WORK REQUIRED: The answer must be an exact copy of the lines from the one with "Ze trouwt met" through the final line of the records below, with no pictures.

INPUT DATA:
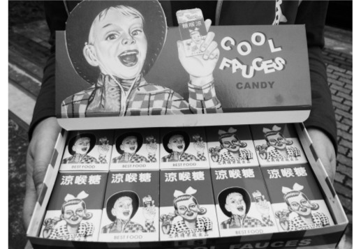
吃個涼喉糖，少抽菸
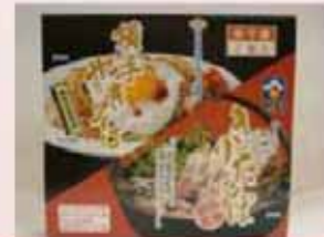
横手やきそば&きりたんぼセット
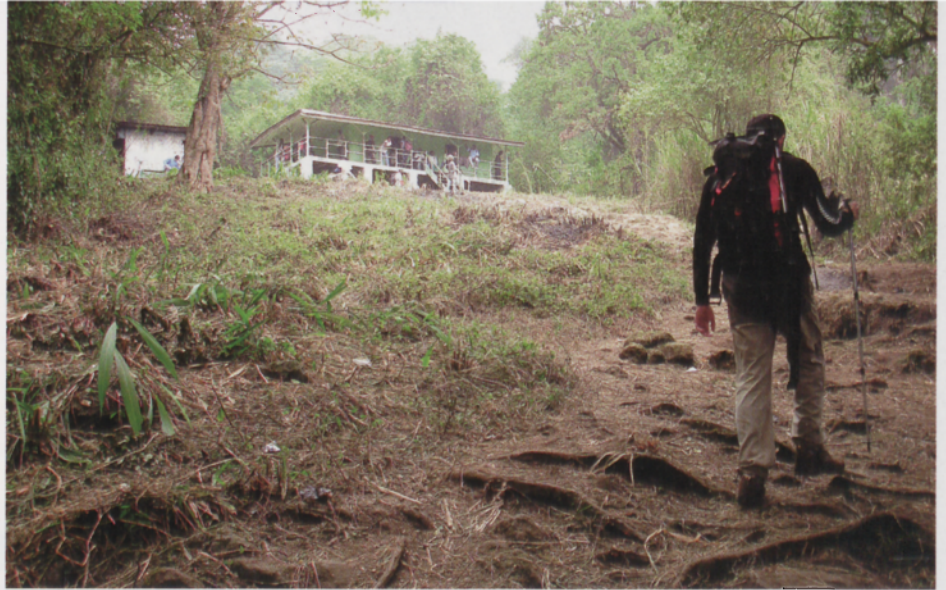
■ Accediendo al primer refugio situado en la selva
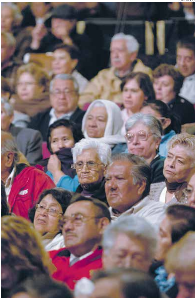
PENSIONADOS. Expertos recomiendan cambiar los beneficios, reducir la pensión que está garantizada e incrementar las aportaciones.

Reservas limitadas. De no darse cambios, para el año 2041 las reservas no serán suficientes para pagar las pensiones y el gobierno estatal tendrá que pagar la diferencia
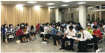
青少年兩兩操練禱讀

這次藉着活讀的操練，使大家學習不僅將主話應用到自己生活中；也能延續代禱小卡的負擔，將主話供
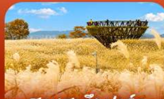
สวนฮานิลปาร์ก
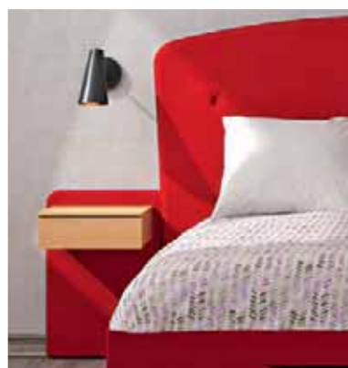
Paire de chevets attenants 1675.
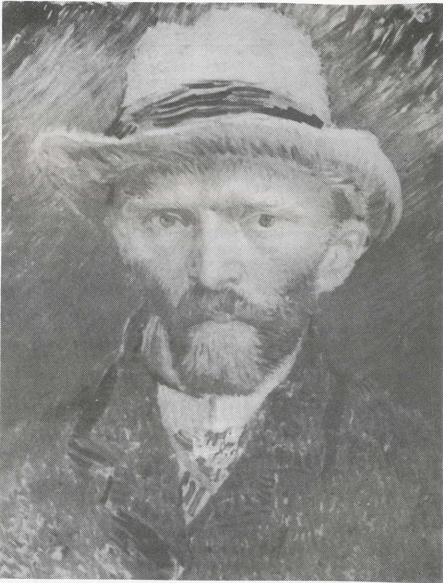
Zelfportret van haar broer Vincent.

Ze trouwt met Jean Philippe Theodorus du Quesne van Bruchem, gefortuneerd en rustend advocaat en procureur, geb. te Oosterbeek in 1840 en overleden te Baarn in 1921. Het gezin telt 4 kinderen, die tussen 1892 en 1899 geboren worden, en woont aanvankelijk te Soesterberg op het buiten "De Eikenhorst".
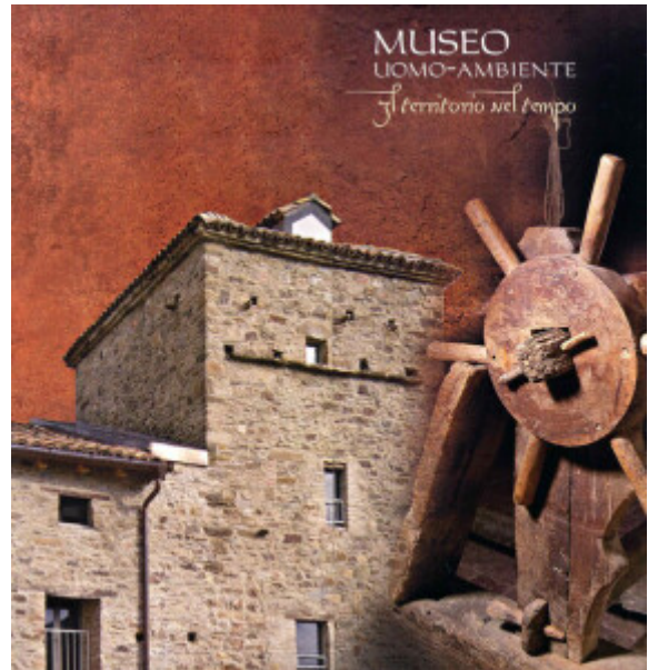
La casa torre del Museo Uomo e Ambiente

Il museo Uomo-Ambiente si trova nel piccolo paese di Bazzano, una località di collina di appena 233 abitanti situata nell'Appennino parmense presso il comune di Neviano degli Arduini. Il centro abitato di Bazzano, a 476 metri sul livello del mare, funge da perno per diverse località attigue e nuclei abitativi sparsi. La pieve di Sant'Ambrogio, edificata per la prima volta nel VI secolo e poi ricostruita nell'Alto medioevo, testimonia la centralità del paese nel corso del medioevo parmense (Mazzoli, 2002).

SOLUTION TO THE PROBLEM:
Ze trouwt met Jean Philippe Theodorus du Quesne van Bruchem, gefortuneerd en rustend advocaat en procureur, geb. te Oosterbeek in 1840 en overleden te Baarn in 1921. Het gezin telt 4 kinderen, die tussen 1892 en 1899 geboren worden, en woont aanvankelijk te Soesterberg op het buiten "De Eikenhorst".
La casa torre del Museo Uomo e Ambiente

Il museo Uomo-Ambiente si trova nel piccolo paese di Bazzano, una località di collina di appena 233 abitanti situata nell'Appennino parmense presso il comune di Neviano degli Arduini. Il centro abitato di Bazzano, a 476 metri sul livello del mare, funge da perno per diverse località attigue e nuclei abitativi sparsi. La pieve di Sant'Ambrogio, edificata per la prima volta nel VI secolo e poi ricostruita nell'Alto medioevo, testimonia la centralità del paese nel corso del medioevo parmense (Mazzoli, 2002).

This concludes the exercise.